- **WORK TASK**: Pictures do not belong in the copy; print every entry exactly as it stands.
..........
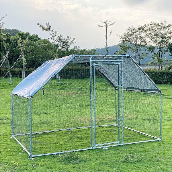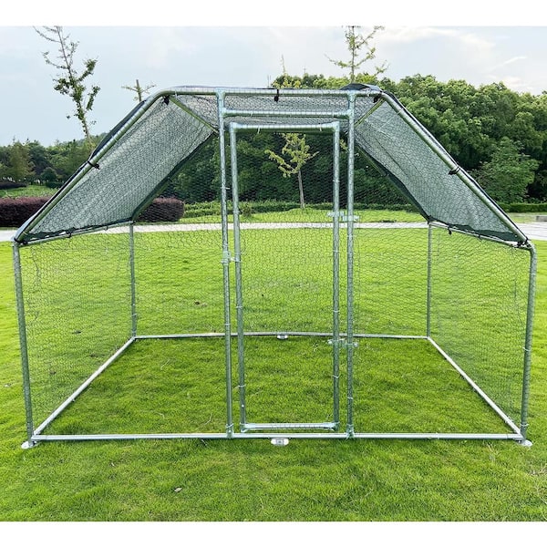 Metal Large Chicken Coop Walk-in Poultry Cage Large Chicken Run Flat Shaped Cage with Waterproof Anti-Ultraviolet Cover
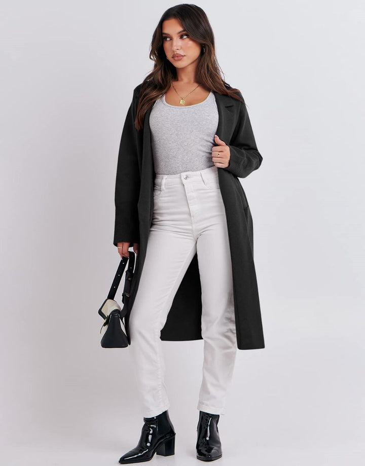 • Design - Newest addition to our sweater-blazer collection! Design lapel open front,long sleeve,slightly oversized,cozy fabric.
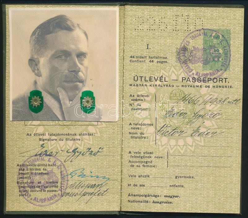 https://www.darabanth.com/en/356-Online-auction/356.0/Art-and-other-collectibles/Military~500027/1938-1939-Magyar-Kiralysag-fenykepes-utlevele-Eder-Gyozo-ny-huszar-alezredes-reszere-n~II2035138
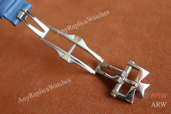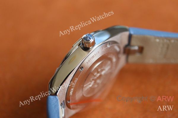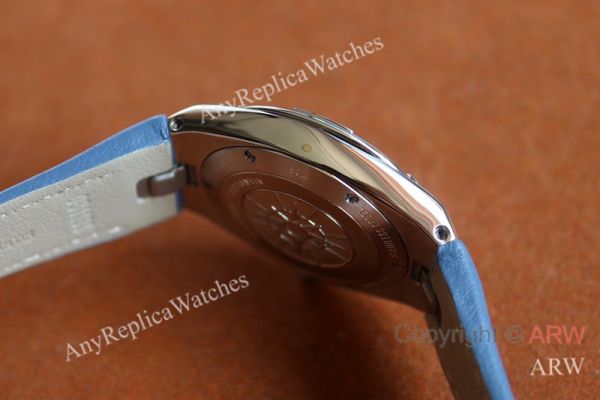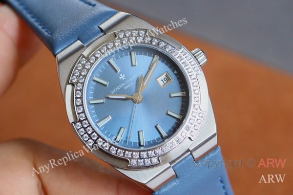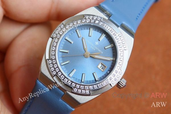Replic VACHERON CONSTANTIN New Overseas Collection Watch Blue Leather Strap Blue Face Dial 78 Round-Cut Swarovski Crystals Inlaid Stainless Steel Case Watch 33mm
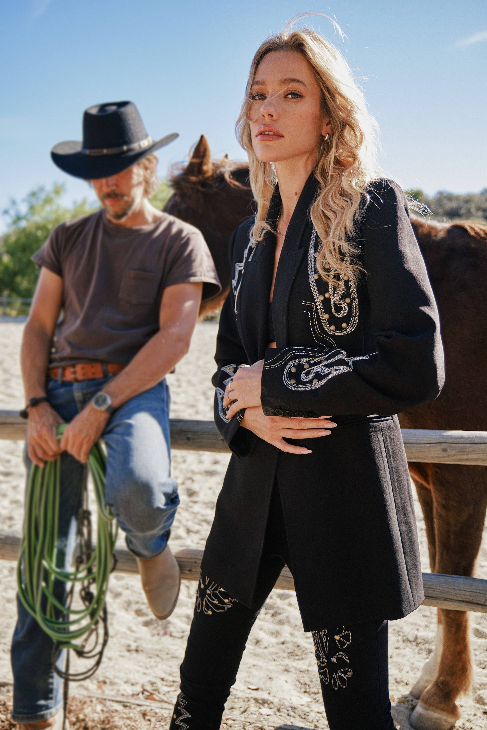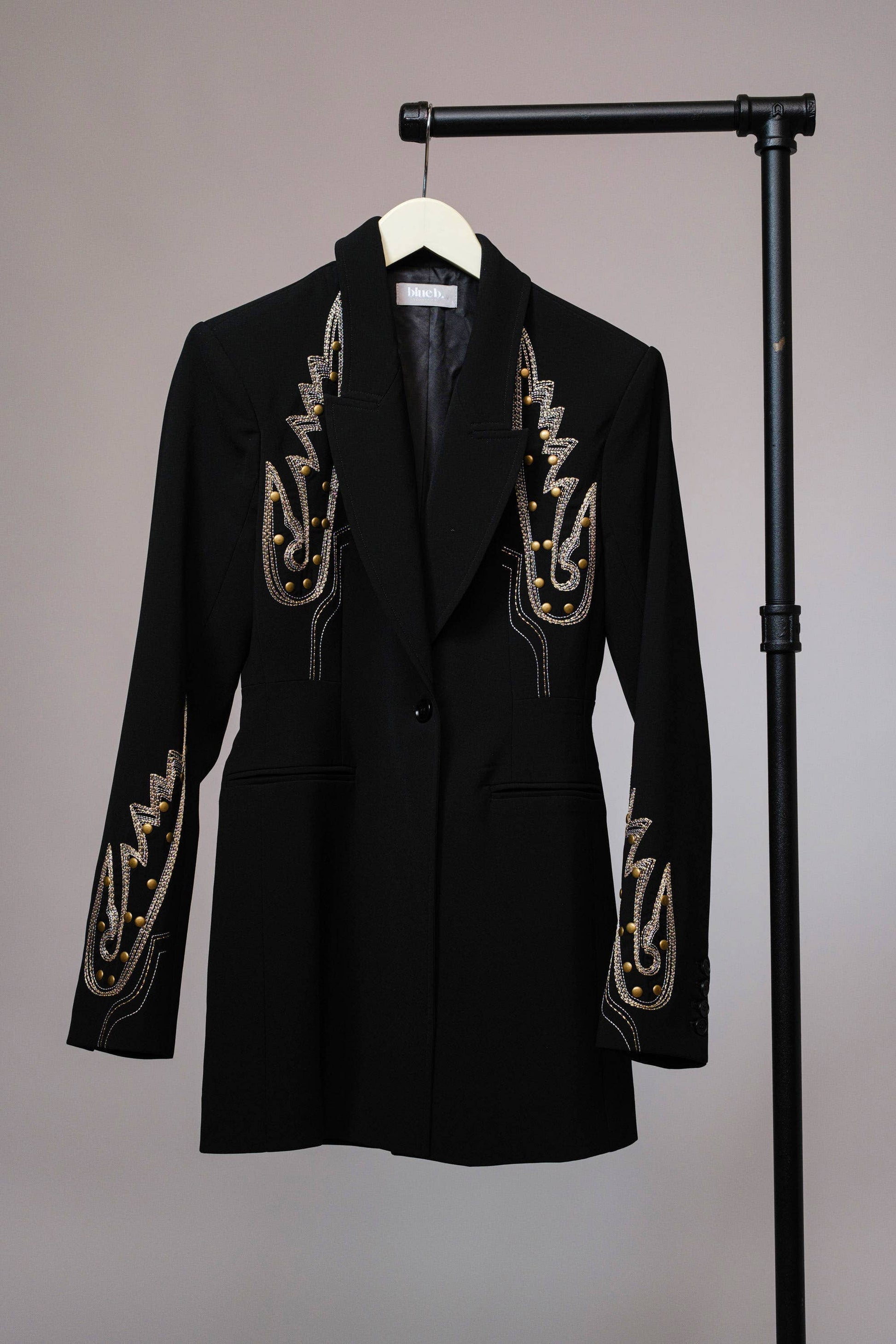 Single tunic blazer with boots stitch embroidery and studded details. Made from stretch woven suiting fabric for a polished look.
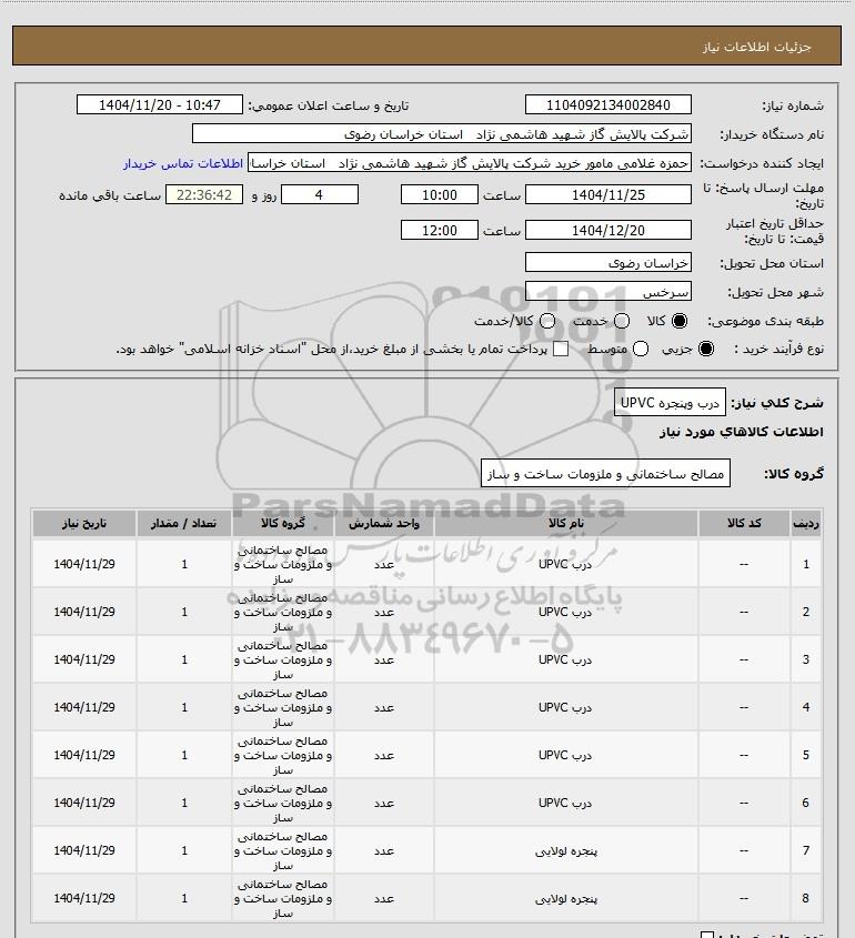 | 5 | -- | درب UPVC | عدد | مصالح ساختمانی و ملزومات ساخت و ساز | 1 | 1404/11/29 |
..........
- **EXERCISE RESULT**:
 Metal Large Chicken Coop Walk-in Poultry Cage Large Chicken Run Flat Shaped Cage with Waterproof Anti-Ultraviolet Cover
 • Design - Newest addition to our sweater-blazer collection! Design lapel open front,long sleeve,slightly oversized,cozy fabric.
 https://www.darabanth.com/en/356-Online-auction/356.0/Art-and-other-collectibles/Military~500027/1938-1939-Magyar-Kiralysag-fenykepes-utlevele-Eder-Gyozo-ny-huszar-alezredes-reszere-n~II2035138
Replic VACHERON CONSTANTIN New Overseas Collection Watch Blue Leather Strap Blue Face Dial 78 Round-Cut Swarovski Crystals Inlaid Stainless Steel Case Watch 33mm
 Single tunic blazer with boots stitch embroidery and studded details. Made from stretch woven suiting fabric for a polished look.
 | 5 | -- | درب UPVC | عدد | مصالح ساختمانی و ملزومات ساخت و ساز | 1 | 1404/11/29 |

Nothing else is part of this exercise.